Warpaint by Alicia Foster

Warpaint by Alicia Foster was first published in 2013. The setting is 1942, Bedfordshire where in a villa close to Bletchley Park there’s a small community of people who are working to compile Black propaganda to send to Germany, with the idea of demoralising the German population. Some of them draw cartoons of the Nazi leaders and others write letters which are sent to the parents of dead German soldiers, supposedly from their sons who are claiming to be alive and well and living in England, happily.

Sam and Vivienne are a husband and wife working in the Black villa, with Sam being the head of operations, Charles and Frido are the others in the team. Frido is a ‘good’ German who is top of the Nazi’s most wanted list and knows all of the top Nazis so his knowledge and talents are invaluable.

Meanwhile, in London The War Advisory Art Committee has been set up, there’s a small community of women artists who have been given commissions to draw and paint scenes which portray Britain in wartime and capture the atmosphere and reality. They must conjure up the bulldog spirit.

Sir Kenneth Clark (Director of the National Gallery) has been given the job of getting the women to come up with the goods but he has passed the task on to Aubrey Smith, a much younger and inexperienced pen-pusher. As the whole war art idea came from Churchill it’s obvious that Clark wants to avoid the responsibility of the job as he has been having trouble getting any work out of the women.

Like everyone else at that time, their lives are anything but normal and the reader is drawn into all the personal problems which have come about mainly because of the war.

This book was right up my street, I loved the wartime setting which is inevitably tragic as all those ‘few’ were scrambling for their planes and all too often not coming back, as Dame Laura Knight was capturing the moments on canvas. It’s a thriller with lots of twists to keep you turning the pages.

This book weaves a couple of actual people with fictional characters, not something which I’m terribly fond of but I think in this case it works well, despite the fact that I couldn’t stand Sir Kenneth Clark, especially after reading Alan Clark’s biography where it was a toss up as to which one was the most ghastly – father or son.

Warpaint is Alicia Foster’s first novel and is very well written.

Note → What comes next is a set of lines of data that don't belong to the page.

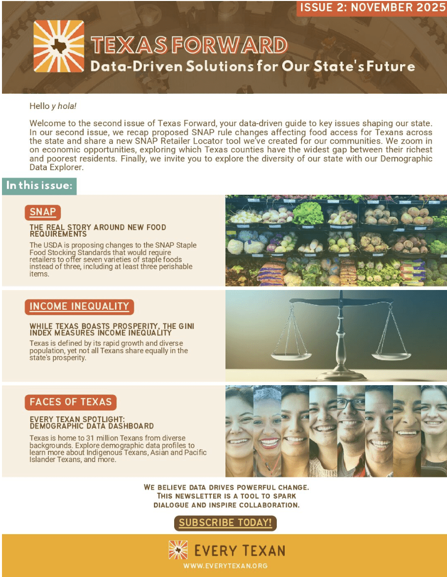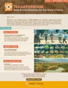 Do you represent a community foundation, service provider, or other entity looking to use data to inform your work? Partner with the policy experts at Every Texan to benefit from our rigorous data analysis, advocacy, and communication services. We are available for hire for contract or grant-funded projects that will help you make informed decisions.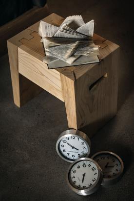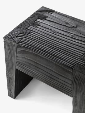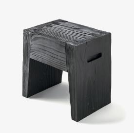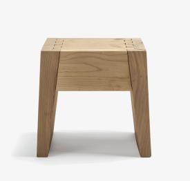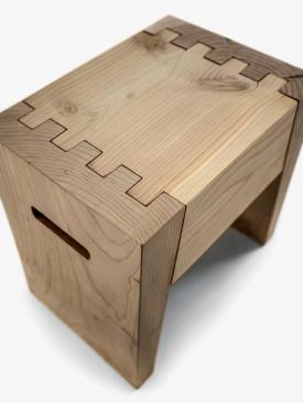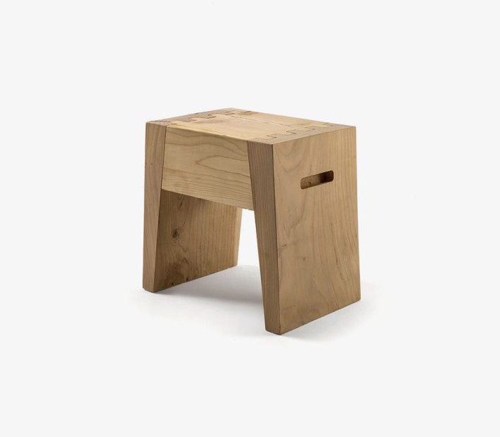 Tabouret fabriqué à partir d'un seul bloc de cèdre massif odoriférant, caractérisé par des gorges latérales pour prise de main et des joints en queue d'aronde.
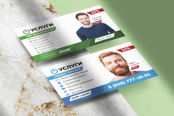 Двусторонняя визитная карточка для компании, оказывающей большой список услуг. К каждой услуге подобрана соответствующая иконка.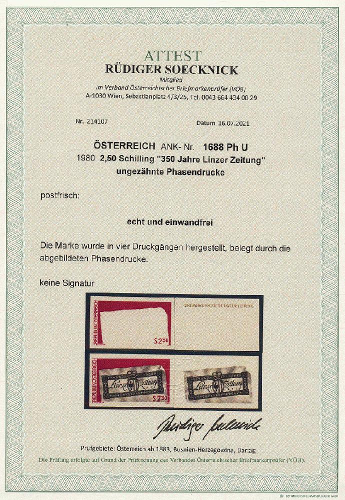 | Zusatzinformationen und Suchstichworte: | 11. Auktion Stilus Auktionstermin: 5. Juni 2022 Los 122 Österreich 2. Republik Österreich, 1980, ANK-Nr.: 1688 Ph U (Michel-Nr.: 1657), '350 Jahre Amtliche Linzer Zeitung', 2,5 Schilling, ungezähnte Phasendrucke (4), postfrisch **, einwandfreie Erhaltung, Attest Soecknick VÖB Ausruf 100,00 EUR |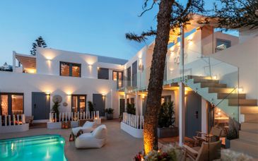 Lujoso hotel de 5 estrellas en la isla de Mykonos, solo para adultos y con un romántico spa para relajarse. En él podrás escoger entre una habitación espaciosa con balcón o un bungalow con jacuzzi privado, pero al aire libre, en medio de la naturaleza.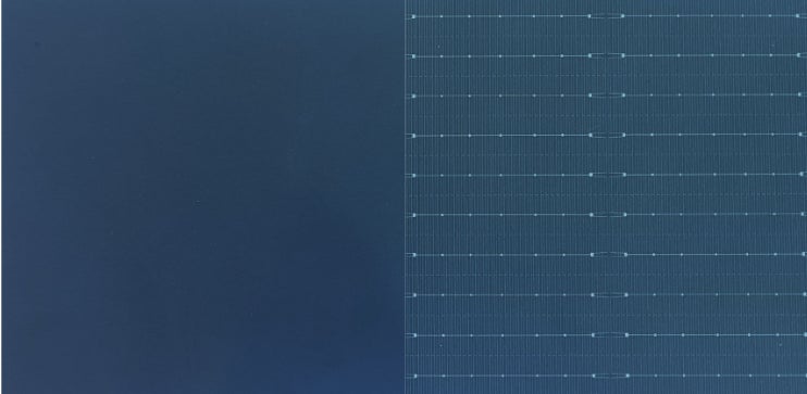 HPBC テクノロジーは、Hybrid Passivated Back Contact の略で、前面にバスバー(配電盤や制御盤に電源を各部分に接続する導体棒のこと)がある従来のフロントコンタクト型太陽電池とは異なり、HPBC セルでは電気接点が背面に移動しています。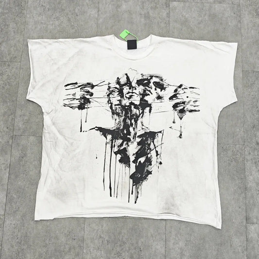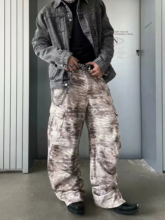 Destroyed Y2K Washed Baggy Striped Jeans - Black/White Stripes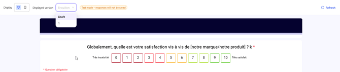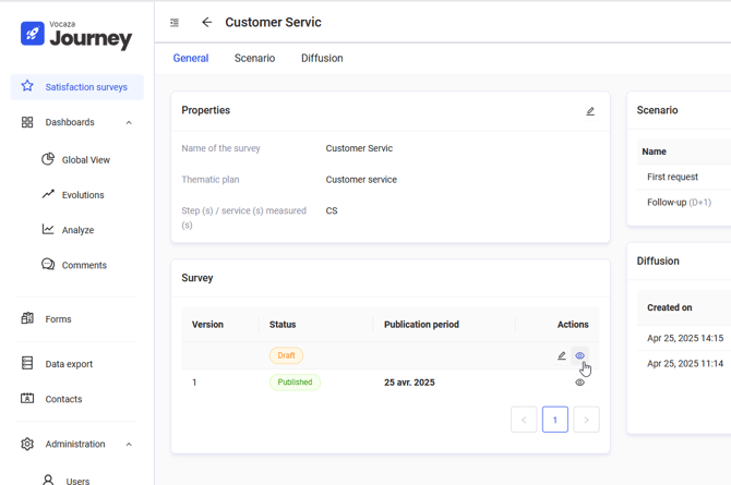 - From the General tab of a survey, click on the preview button (eye) of the survey version you wish to view.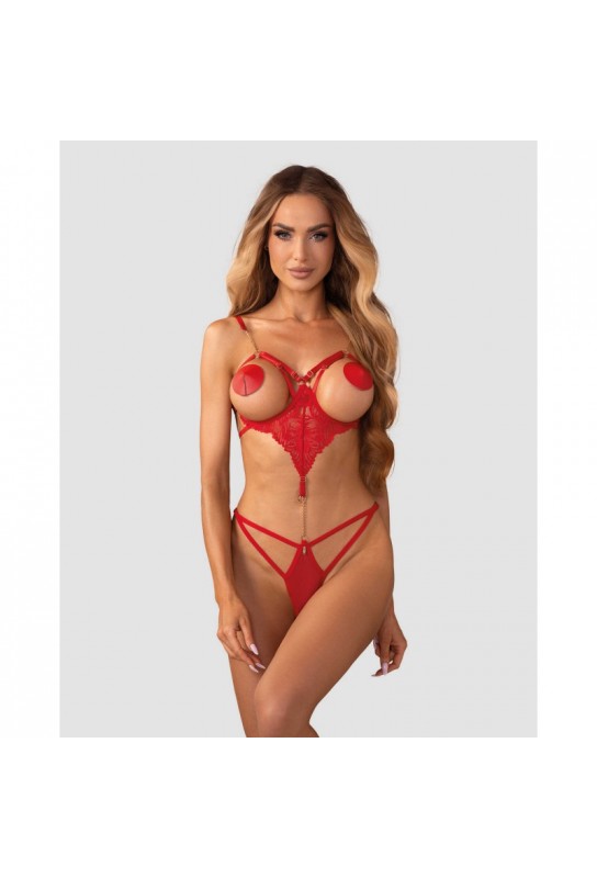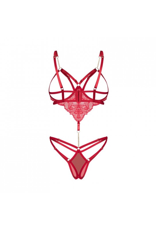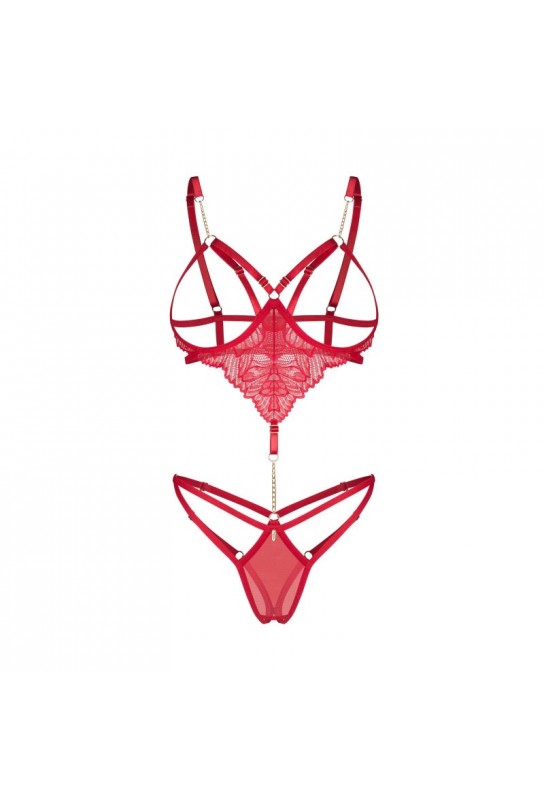 Teddy rouge avec des bonnets ouverts à armatures qui soulèvent doucement le buste. Comprend des bretelles réglables pour un ajustement parfait. Fabriqué à partir de dentelle délicate et de maille. Le devant est orné d’une chaîne dorée qui relie de manière frappante le haut et le bas. Le design à entrejambe ouvert ajoute une touche épicée.
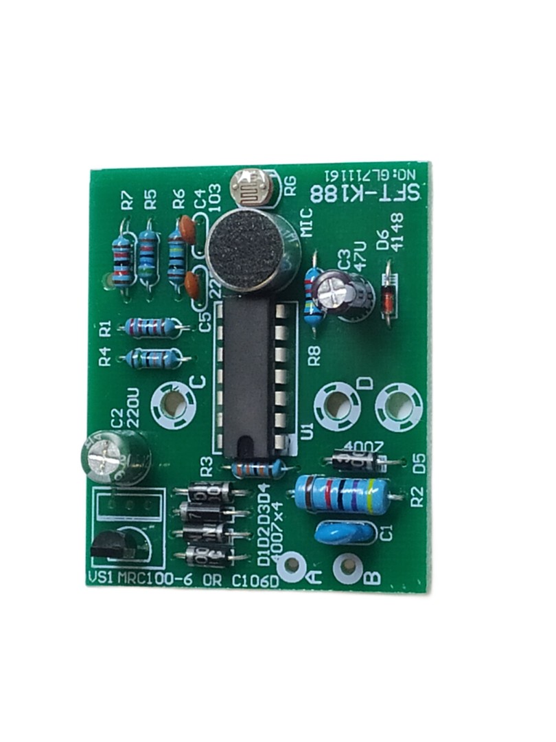 SFT-K188 to praktyczny zestaw przełącznika aktywowanego dźwiękiem i światłem, przeznaczony dla początkujących elektroników i entuzjastów majsterkowania. Moduł ten automatycznie aktywuje podłączone urządzenie (takie jak światło), gdy wykryje dźwięk w ciemnym otoczeniu, a następnie wyłącza je po krótkim czasie. Jest szeroko stosowany w inteligentnym sterowaniu oświetleniem i podstawowych scenariuszach automatyzacji.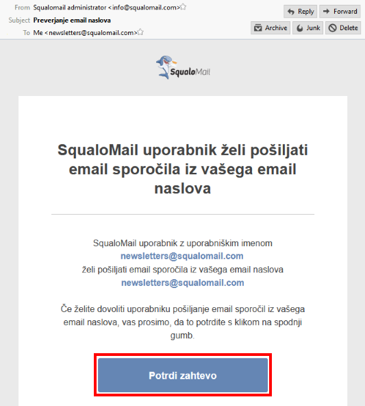 Ob registraciji ste na email naslov prejeli sporočilo z naslovom »Preverjanje email naslova«. V sporočilu kliknite na gumb Potrdi zahtevo, da potrdite, da ste vi lastnik email naslova iz katerega želite pošiljati.

She has a Ph.D in art history and teaches art students.

Like all good books, this one piques your interest in the subject and urges you to go and do a bit of research of your own.

Below are a couple of Laura Knight’s wartime paintings.

Laura Knight artwork

You can see a lot more of her work here and here.

Dame Laura Knight became the official artist at the Trials of Nazi war criminals in Nuremburg.

4 thoughts on “Warpaint by Alicia Foster

  1. Very informative post and the art work is gorgeous! My mom welded airplane wings during the war in Youngstown OH. She was 15. Welded the tip off her one finger!

    • Peggy Ann,
      I wonder if there were any official US war artists. I hope your mom told you plenty of wartime stories to pass down. She had her very own war wound! – that must have been so painful at the time.

    • tracybham,
      It’s a good read and a nice change from all the First World War books which have been published recently for the centenary.